Für §166 Abs. 2 SGG ergibt sich die Begrenzung des Begriffs Vereinigung aus dem Sinn und Zweck des Vertretungszwanges. Das Gesetz hat den Vertretungszwang vor dem BSG im Interesse der Beteiligten und im Interesse des Revisionsgerichts vorgeschrieben (SozR Nr. 1, 14, 27, 49, 53 zu §164 SGG und Nr. 5, 18, 20 zu §166 SGG), Die Beteiligten sollen sich hier des Rates und der Hilfe rechtskundiger Personen bedienen, weil die Durchführung der Revisionsverfahren eingehende Kenntnisse des materiellen Rechts (auch außerhalb des Sozialrechts) sowie des Verfahrensrechts erfordert und weil das Revisionsverfahren zudem in besonderer Weise rechtsförmlich ausgestaltet ist. Die Prozeßbevollmächtigten sollen die Rechtslage genau durchdenken, bevor sie die Verantwortung für eine Revision übernehmen. Von der Durchführung aussichtsloser Revisionen sollten sie Abstand nehmen. Das zeigt, daß von den Prozeßbevollmächtigten vor dem BSG eingehende Kenntnisse im materiellen und prozessualen Recht verlangt werden müssen. Von Arbeitnehmervereinigungen mit geringer Mitgliederzahl ohne nennenswerte Finanzmittel kann nicht erwartet werden, daß sie geeignete Prozeßbevollmächtigte, d. h. Prozeßbevollmächtigte, die diese Anforderungen erfüllen, für das Verfahren vor dem BSG berufen können. Eine Zulassung ihrer Prozeßbevollmächtigten würde oft das Gegenteil des mit §166 SGG verfolgten Zweckes erreichen; die Beteiligten bedürfen aber dringend des Schutzes vor nicht genügend rechtskundigen Vertretern. Das Revisionsgericht würde durch abwegige Ausführungen und aussichtslose, oft unzulässige Revisionen belastet; seine Arbeit würde nicht unwesentlich erschwert.

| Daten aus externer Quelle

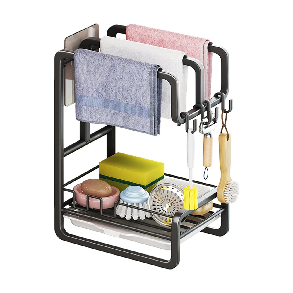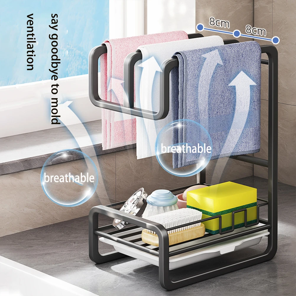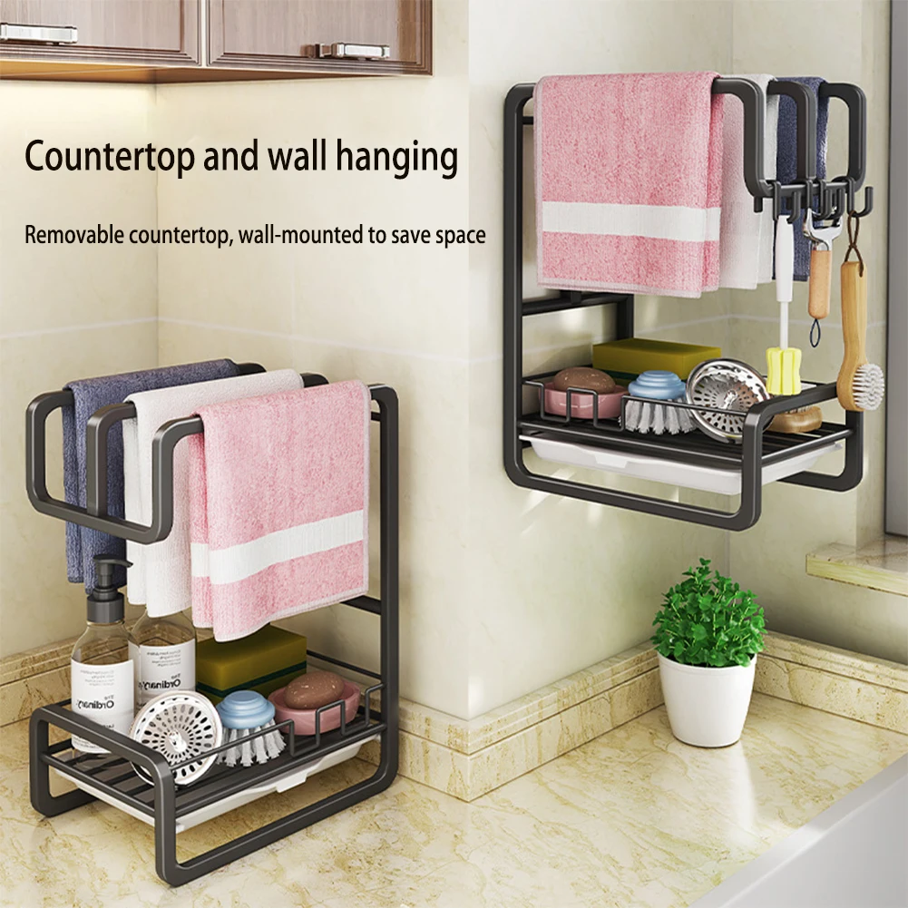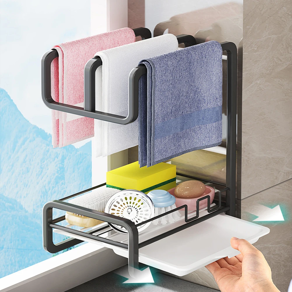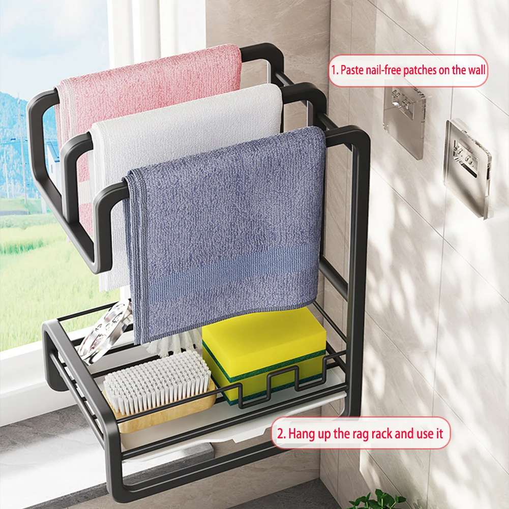 Kitchen Dishcloth Towel Holder, Wall, Sink Rag, Sponge Drain Storage Rack, Large Capacity, Soap Dispenser, Brush Organizer - Купить с бесплатной доставкой

Der Senat ist deshalb der Auffassung, daß Vereinigungen von Arbeitnehmern mit sozial- oder berufspolitischer Zwecksetzung im Sinne des §166 Abs. 2 SGG grundsätzlich nur Vereinigungen sind, die mindestens 1000 Mitglieder haben. Bei einem monatlichen Beitrag von 3.– DM stünden dann z. B. einer solchen Vereinigung monatliche Mittel in Höhe von 3000,– DM zur Verfügung. Bedenkt man, daß die Vereinigungen regelmäßig noch andere sozial- oder berufspolitische Aufgaben zu erfüllen haben, daß es bei der Rechtsschutzgewährung für ihre Mitglieder mit der Bestellung von Prozeßbevollmächtigten allein nicht getan ist, daß vielmehr auch eine zugehörige Geschäftsstelle eingerichtet und außerdem Literatur beschafft werden muß, so ergibt sich, daß bei einer Mitgliederzahl unter 1000 Mitgliedern in der Regel eine Bestellung geeigneter, einigermaßen angemessen besoldeter Prozeßbevollmächtigter nicht mehr gesichert sein kann.

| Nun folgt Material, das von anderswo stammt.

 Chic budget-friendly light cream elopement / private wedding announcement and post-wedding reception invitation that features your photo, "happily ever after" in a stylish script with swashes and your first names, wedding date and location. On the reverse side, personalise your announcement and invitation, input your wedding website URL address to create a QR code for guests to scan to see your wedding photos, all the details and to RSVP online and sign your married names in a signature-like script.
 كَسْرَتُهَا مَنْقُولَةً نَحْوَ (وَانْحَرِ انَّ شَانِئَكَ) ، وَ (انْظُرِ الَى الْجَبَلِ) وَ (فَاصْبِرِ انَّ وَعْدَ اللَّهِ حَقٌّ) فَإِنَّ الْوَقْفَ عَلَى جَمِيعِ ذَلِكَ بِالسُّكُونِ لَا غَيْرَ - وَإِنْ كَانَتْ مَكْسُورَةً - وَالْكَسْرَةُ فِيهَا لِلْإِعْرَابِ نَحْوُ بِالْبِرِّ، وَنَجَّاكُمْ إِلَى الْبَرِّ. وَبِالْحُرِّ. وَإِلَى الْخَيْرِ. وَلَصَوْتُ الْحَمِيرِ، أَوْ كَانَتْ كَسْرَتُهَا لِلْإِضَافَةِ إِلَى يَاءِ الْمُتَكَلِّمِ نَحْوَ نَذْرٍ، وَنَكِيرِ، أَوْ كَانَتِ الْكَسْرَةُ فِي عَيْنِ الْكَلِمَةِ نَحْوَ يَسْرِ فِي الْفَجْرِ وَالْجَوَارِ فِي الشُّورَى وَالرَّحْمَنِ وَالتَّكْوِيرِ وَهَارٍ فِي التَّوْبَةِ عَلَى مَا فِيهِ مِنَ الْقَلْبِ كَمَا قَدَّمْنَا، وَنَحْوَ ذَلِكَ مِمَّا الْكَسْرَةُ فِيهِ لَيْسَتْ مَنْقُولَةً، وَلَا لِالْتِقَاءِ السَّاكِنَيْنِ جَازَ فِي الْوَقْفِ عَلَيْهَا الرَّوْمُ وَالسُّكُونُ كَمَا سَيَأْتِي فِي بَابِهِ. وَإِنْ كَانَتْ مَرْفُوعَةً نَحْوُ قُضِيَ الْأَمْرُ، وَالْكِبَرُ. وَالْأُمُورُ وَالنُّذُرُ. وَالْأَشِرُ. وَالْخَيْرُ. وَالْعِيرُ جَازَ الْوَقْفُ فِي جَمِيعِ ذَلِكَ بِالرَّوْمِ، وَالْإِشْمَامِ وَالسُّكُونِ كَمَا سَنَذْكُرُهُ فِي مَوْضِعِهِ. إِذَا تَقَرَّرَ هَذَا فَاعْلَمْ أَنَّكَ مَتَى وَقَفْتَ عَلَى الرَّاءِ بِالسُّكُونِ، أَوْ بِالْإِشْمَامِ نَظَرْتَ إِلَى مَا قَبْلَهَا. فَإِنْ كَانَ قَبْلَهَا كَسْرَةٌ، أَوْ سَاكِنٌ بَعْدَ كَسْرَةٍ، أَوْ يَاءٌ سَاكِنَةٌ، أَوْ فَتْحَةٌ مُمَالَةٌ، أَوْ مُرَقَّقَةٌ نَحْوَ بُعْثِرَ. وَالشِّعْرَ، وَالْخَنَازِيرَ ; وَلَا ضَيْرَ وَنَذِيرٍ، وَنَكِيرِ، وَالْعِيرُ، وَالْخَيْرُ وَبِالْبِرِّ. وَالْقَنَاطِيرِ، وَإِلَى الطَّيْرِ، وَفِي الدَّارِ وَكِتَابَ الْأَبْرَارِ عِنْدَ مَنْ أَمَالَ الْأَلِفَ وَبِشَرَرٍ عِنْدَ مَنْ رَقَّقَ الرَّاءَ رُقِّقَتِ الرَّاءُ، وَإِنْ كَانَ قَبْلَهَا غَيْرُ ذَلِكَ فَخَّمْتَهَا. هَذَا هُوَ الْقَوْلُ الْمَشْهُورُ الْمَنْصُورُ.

Bei dem CBV hat die Mitgliederzahl im Juni 1969 weit unter 1000 betragen. Nach den verfügbaren Finanzmitteln war nicht gewährleistet, daß er geeignete Prozeßbevollmächtigte für die Prozeßführung vor dem BSG berufen konnte. Diese Frage war unabhängig von der Person des hier berufenen Prozeßbevollmächtigten zu prüfen; sie läßt sich nur nach allgemeinen Gesichtspunkten beurteilen.
Da die Klägerin somit bei Einlegung der Revision nicht durch einen zugelassenen Prozeßbevollmächtigten vertreten war, mußte ihre Revision als unzulässig verworfen werden.
Die Entscheidung über die Kosten erging nach §193 SGG.